# ford 8n flooding bad!!!!!!!



## bigstud

hello all. 
I need help. i just took in trade a 1948 ford 8n tractor the guy i bought it from said it flood easily. i thought no big deal put carb kit in clean needle and seat ensure float floats too easy. boy was i wrong. now after several attempts of adjusting floats i still have gas running out of the inlet tube after just barely cracking the fuel shut off valve. the fuel inlet fitting does not have the filter on it is that a deal breaker? one friend suggested putting inline fuel filter but with line so close to engine and exhaust don't like that idea but if it is my only option ill do it. the guy i bough it from told me that it had something to do with sediment bowl judging by other post that has nothing to do with it. I am leaving for a month of training so i won't be able to try your replies but am hoping to get plenty of things to try while I'm away.
Thanks for viewing have a great day
Ryan


----------



## st3gamefarm

Sounds like you have a float valve not working properly. 
Could be a carb built of amalgamated parts? Or on second thought, check the mating surface between the throttlebody, and the float bowl.

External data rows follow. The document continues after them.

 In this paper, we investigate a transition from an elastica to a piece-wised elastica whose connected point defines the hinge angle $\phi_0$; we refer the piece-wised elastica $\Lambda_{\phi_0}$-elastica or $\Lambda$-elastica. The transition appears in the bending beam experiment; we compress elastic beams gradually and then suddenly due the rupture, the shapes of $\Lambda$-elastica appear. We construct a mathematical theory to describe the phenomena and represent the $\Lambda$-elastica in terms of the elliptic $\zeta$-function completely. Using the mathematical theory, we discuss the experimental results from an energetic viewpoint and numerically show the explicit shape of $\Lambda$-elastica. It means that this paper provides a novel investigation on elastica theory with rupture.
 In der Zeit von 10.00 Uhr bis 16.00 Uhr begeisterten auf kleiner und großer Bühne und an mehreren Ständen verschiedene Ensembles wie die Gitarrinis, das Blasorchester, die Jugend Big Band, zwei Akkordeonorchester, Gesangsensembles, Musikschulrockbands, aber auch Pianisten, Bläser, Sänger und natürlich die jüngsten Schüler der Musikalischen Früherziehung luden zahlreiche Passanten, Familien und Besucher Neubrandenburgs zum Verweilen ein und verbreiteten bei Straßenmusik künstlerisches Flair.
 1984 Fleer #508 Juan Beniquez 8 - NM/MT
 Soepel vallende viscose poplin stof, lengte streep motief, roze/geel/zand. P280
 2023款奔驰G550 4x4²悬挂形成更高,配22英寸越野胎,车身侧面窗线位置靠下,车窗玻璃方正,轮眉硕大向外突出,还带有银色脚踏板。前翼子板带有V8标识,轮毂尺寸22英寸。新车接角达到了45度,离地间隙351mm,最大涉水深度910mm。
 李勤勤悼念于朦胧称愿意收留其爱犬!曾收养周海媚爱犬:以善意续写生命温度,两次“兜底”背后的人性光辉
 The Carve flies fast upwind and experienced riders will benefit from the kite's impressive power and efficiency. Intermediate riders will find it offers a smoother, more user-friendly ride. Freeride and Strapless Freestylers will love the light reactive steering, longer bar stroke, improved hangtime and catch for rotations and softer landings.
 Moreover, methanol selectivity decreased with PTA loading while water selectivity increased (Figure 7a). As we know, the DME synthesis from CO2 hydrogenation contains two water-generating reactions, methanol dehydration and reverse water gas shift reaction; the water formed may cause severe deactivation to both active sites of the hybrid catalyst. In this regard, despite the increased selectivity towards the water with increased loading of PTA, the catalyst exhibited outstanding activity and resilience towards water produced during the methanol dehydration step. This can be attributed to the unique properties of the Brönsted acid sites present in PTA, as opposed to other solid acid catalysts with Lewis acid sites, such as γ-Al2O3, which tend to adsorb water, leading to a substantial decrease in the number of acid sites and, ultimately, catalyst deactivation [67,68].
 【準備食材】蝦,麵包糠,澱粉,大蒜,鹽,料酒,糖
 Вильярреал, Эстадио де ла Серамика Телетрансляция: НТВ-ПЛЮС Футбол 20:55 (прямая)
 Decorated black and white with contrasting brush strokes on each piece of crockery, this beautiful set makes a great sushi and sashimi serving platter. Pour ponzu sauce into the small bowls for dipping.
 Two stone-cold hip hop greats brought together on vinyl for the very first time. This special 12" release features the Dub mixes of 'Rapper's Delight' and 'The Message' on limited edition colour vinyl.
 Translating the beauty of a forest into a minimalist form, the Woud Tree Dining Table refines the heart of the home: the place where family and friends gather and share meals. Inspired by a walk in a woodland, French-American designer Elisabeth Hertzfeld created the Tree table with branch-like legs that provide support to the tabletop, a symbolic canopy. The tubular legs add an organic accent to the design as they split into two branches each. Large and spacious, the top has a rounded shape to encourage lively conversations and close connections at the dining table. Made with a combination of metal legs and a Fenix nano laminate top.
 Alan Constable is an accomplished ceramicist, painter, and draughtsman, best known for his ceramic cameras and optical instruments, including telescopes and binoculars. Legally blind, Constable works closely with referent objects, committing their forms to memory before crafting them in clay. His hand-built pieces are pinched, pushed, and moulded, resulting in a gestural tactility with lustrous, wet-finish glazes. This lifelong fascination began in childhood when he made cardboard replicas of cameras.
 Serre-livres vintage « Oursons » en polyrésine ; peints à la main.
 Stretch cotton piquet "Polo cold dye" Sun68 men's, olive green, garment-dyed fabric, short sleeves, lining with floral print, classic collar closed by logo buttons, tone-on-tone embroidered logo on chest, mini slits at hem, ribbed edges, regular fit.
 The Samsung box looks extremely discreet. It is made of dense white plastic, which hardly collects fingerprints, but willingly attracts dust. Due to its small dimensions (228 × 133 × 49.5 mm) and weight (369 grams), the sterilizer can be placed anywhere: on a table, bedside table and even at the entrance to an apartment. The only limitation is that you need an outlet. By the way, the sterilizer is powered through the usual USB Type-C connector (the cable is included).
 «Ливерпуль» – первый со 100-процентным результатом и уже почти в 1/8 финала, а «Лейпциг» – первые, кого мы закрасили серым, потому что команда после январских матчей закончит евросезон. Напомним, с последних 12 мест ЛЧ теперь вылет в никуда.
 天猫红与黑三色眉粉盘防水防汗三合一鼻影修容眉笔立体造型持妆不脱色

May be slightly warped, and not sealing properly, allowing fuel to flow through the joint. Also might check the venturi, Not certian, but I think it's removable, and may not be properly seating.
Another place to look would be the brass parts, (jets), main jet may be allowing fuel past it's gasket. 
Shoot! Brand new carb ain't that 'spensive. (<$150)


----------



## st3gamefarm

Oh BTW! 
Welcome to th' boards!


----------